How to properly implement a multi-project pipeline with 2 upstreams projects

How to properly implement a multi-project pipeline with 2 upstreams projects

Bit of context:

The delivered application is made of multiple components, each one versioned separately and then having its own pipeline building the artifacts.

These artifacts must be packaged together to create the deliverable.

From my understanding, making use of a multi-projects pipeline could do the trick, by making use of
needs:projects

On the downstream pipeline, I then would like to have:

downstream-pipeline-ab:
  variables:
  needs:
    - project: upstream-project-a
      job: upstream-job-a
      ref: $UPSTREAM_REF_A # declared as variable in the trigger-job-a
      artifacts: true
    - project: upstream-project-b
      job: upstream-job-b
      ref: $UPSTREAM_REF_B # declared as variable in the trigger-job-b
      artifacts: true

However, it seems impossible to both provision UPSTREAM_REF_A and UPSTREAM_REF_B as the downstream pipeline is obviously launched by one upstream at the time not both.

What I’m doing wrong ? How should I do to get the latest artifacts from pipeline A and B ?

Does simply multi-projects allow to fetch artifacts from multiple repos ?
And if not, what would be the gitlab-way to implement something solving my initial problem ?

Thank you in advance !

@simba-oh Welcome to the forum and thanks for the question!

I’m not clear what the problem is you are running into from your post. It sounds like when one upstream project builds it kicks off the downstream project and that is NOT the behavior you want maybe? if so can you confirm or clarify what behavior you are looking for to help me understand?

Thanks!

-James H, GitLab Product Manager, Verify:Pipeline Execution

It sounds like when one upstream project builds it kicks off the downstream project and that is NOT the behavior you want maybe

I expect the downstream pipeline to be kicked off, and fortunately it is.

Let me rephrase what I want to achieve first:

1) I would like either pipeline A or pipeline B to trigger pipeline C (downstream).
2) I would like to use the artifacts generated in A or B in C
3) C needs artifacts from both A and B at the same time (as it packages the whole application itself).

It is easy to achieve 1) and 2)

I simply wrote a trigger task in A:

job-a:
  stage: build
  # Build my artifacts
  # ...

trigger-c-from-a:
  stage: deploy
  variables:
    UPSTREAM_REF_A: $CI_COMMIT_REF_NAME # make the ref available in C
  needs: [ 'job-a' ]
  trigger:
    project: path-to-project-c
    strategy: depend

And in my project B, I have a similar snippet.

And for C:

downstream-job-c:
  variables:
  needs:
    - project: upstream-project-a
      job: job-a
      ref: $UPSTREAM_REF_A
      artifacts: true
    - project: upstream-project-b
      job: upstream-job-b
      ref: $UPSTREAM_REF_B
      artifacts: true

As you can see, UPSTREAM_REF_A will be passed to the downstream pipeline according to the doc. This exact variable defined upstream and used downstream for the commit reference mechanism is even described in the same section.

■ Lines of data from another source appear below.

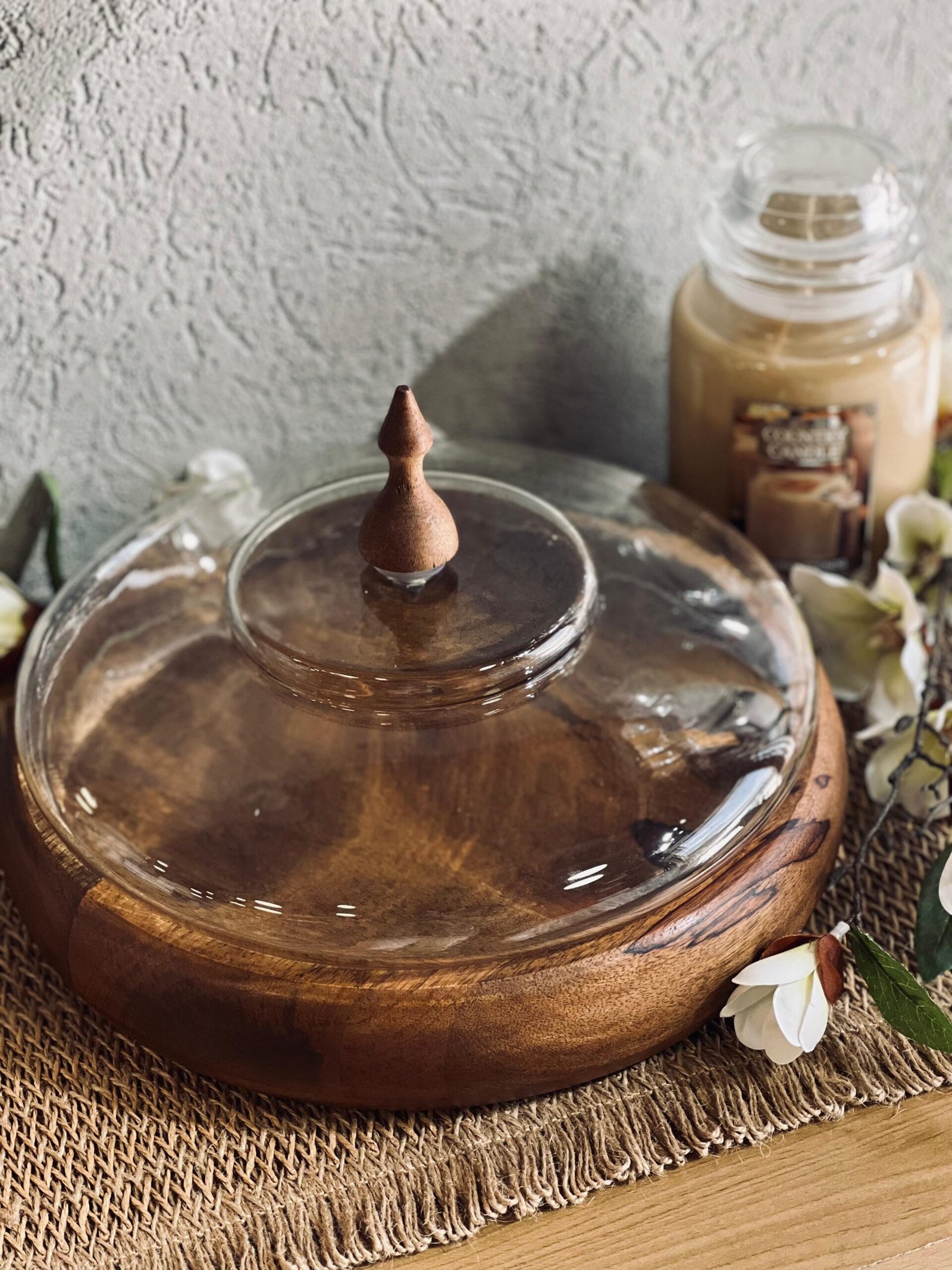 صحن كيك خشب هندي مدور مع غطاء زجاج
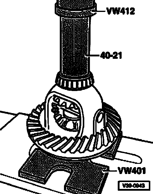 ^ Drive the axle for differential bevel gears into final position and secure.
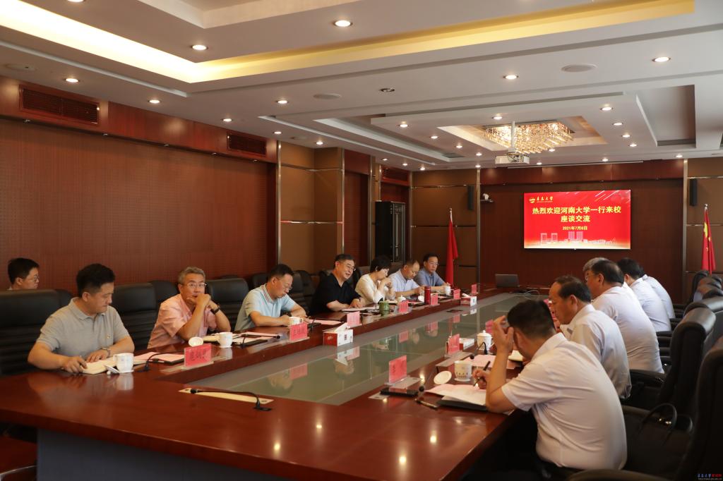新聞網(wǎng)訊 7月8日上午,河南大學黨委書記盧克平一行來訪我校。校長夏東偉在辦公樓第五會議室會見并座談,校黨委常委、副校長、醫(yī)學部部長姜宏主持座談會。
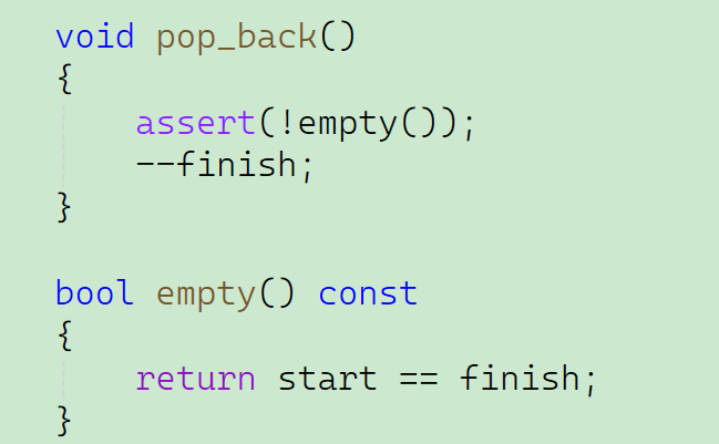 和模拟实现string时的尾删除函数一样,我们只需要使存储内容的最后一位指针向前移动一位即可,对于尾部的指针存储的内容不需要去给置为0。此外,这里还需要进行一次断言,因为如果存储的最后一个内容的指针都要比最开始的指针靠前的话,就会引发报错。
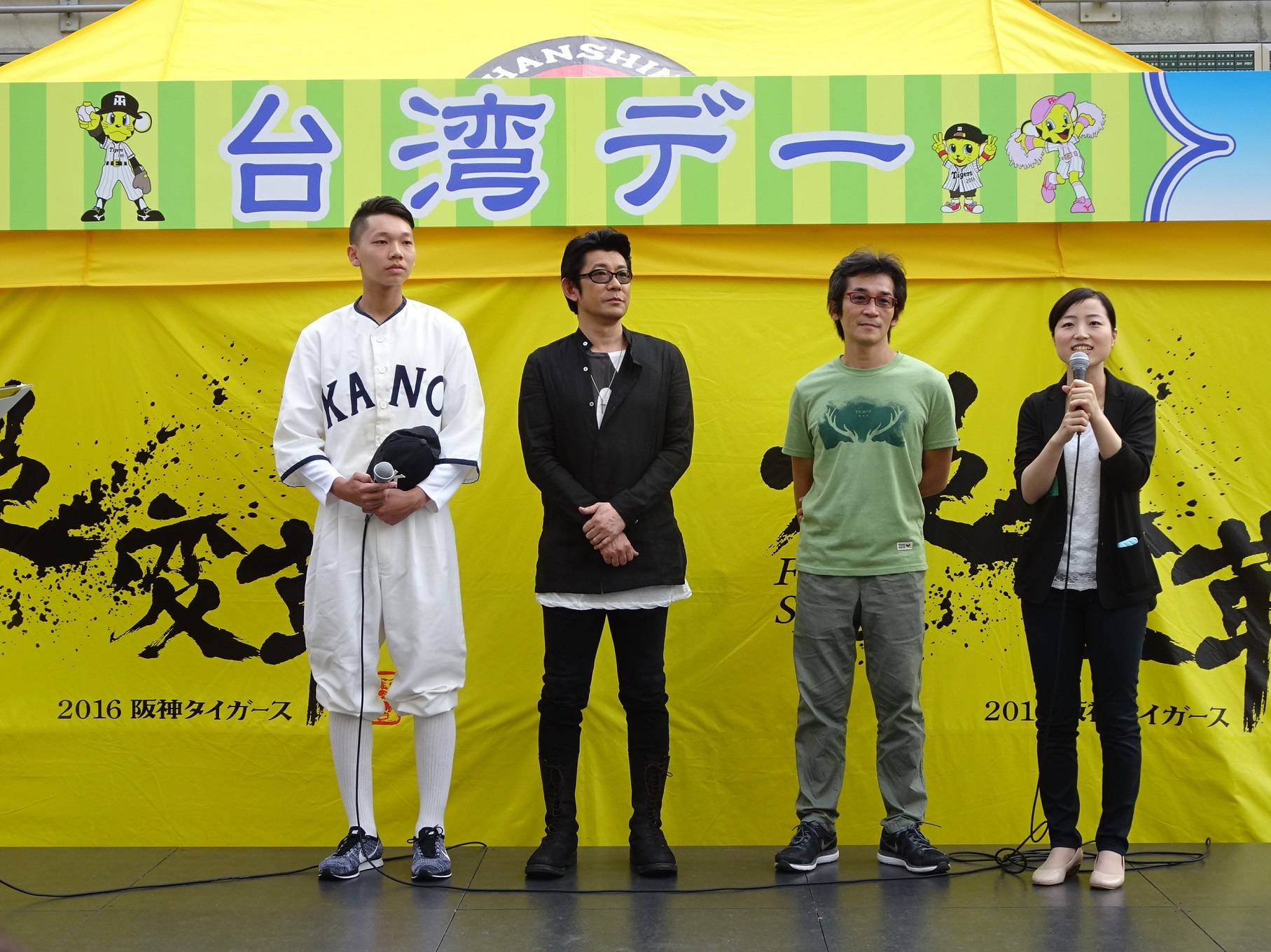 導演魏德聖表示每次來到甲子園觀眾席永遠都是滿的,這對球員來說是最大的鼓勵,不管球員、球隊如何努力都沒有球迷來得叫人感動,他希望台灣也能有更多熱情、瘋狂的球迷;另外,《KANO》完成、放映至今已經第三年了,還能受邀來到甲子園真的非常感動,感謝台灣觀光協會及虎航的協助,棒球是台灣與日本共同的文化,希望不止地震,球類也能成為台日之間感情的維繫。
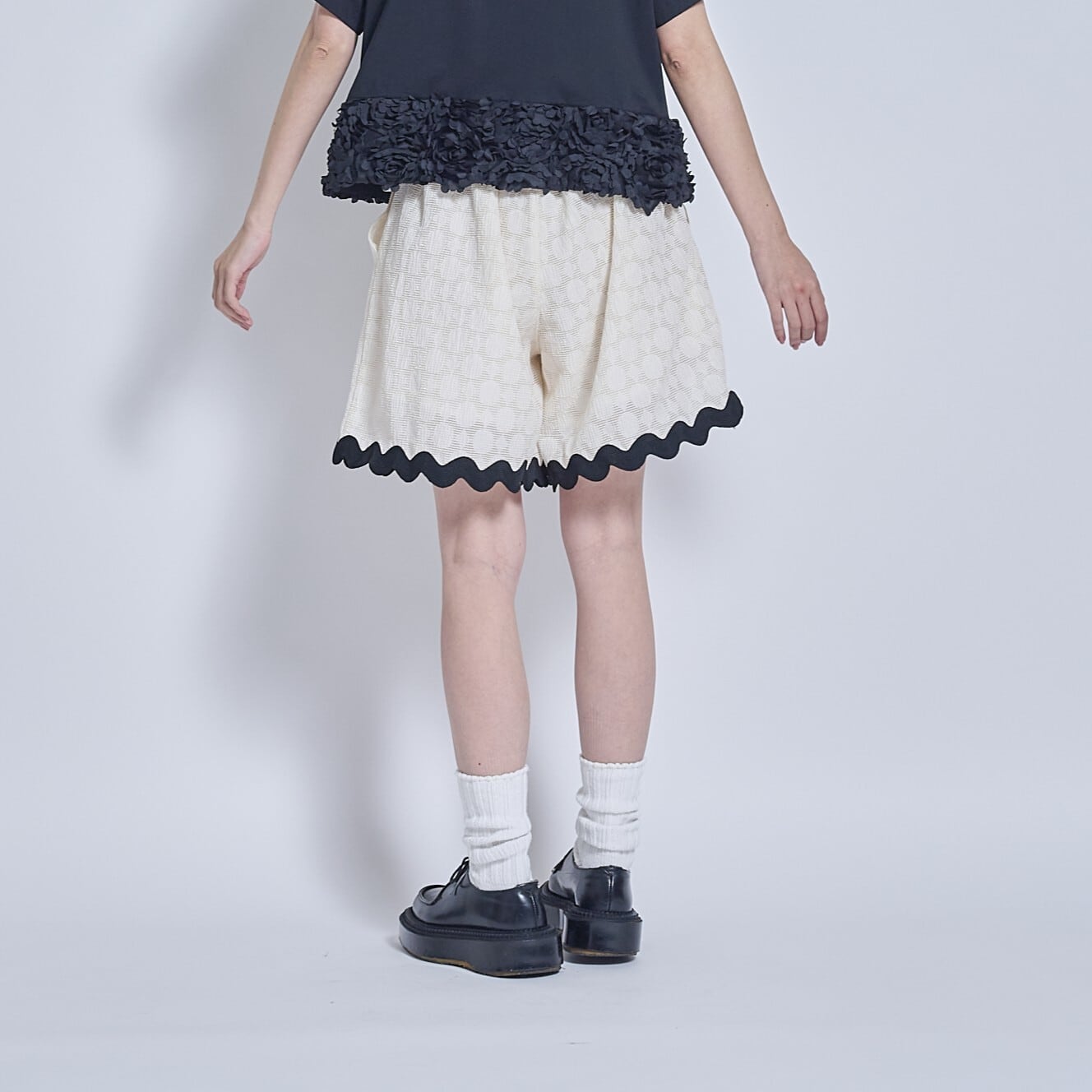 スタッフ人気No.1のショートパンツです。少し透けるドット透かしのジャガードのドライタッチなテキスタイルで作っています。今回は丈長めの膝上、広がりを沢山つけて、足がほっそりと見えるようにデザインしています。ここまで裾の広がりがあるショートパンツはなかなかないと思います。ヒップが大きい方にも安心して着用できます。夏のショーツに抵抗ない方が増え、流行から定番へと人気が継続していますが、足が細く見える広がりが大きな特徴になっています。また、ヘムにウエーブテープをつけているのでヘムに厚みがありさらに広がりが出るようになっています。ヒップも大きめ、ワタリも大きめ、細い方は、ウエストのインナードローストリングで絞って履いてください。イージータイプで履く方の体型を選ばない作りになっています。

Achieving my 3) seems impossible using that mechanism.

When trigger-c-from-a is executed, only UPSTREAM_REF_A will be filled, then my downstream pipeline will fail due to expired/erased artifacts (UPSTREAM_REF_B being an invalid reference).

Of course, same reasoning applies for trigger-c-from-b where UPSTREAM_REF_A will be invalid, leading to the same error.

So, how should I proceed to make my downstream-pipeline aware of all the references I need when triggered if passing them by variable is not working ?

Creating a dotenv file (variable inheritance) shouldn’t work too, so it seems it is’nt a good approach.

Maybe I’m failing for the XY problem and there is another approach to package artifacts from multiple repositories in a gitlab-way which does not make use of the needs keyword ?

I’m sorry for the wall of text but I hope it better describes what I’m facing and what I would like to achieve.

@simba-oh - Thanks so much for the extra detail!

I don’t think you can achieve what you want directly with needs:project, this link has some info about that.

What you might be able to do is use the API to get the file. I found a writeup about this here.

Hope this helps!

-James H, GitLab Product Manager, Verify:Pipeline Execution

@jheimbuck_gl - Sorry for the late answer, was busy for the rest of the week !
Thank you for the writeup, I’ll have a look and see if it solves my problem.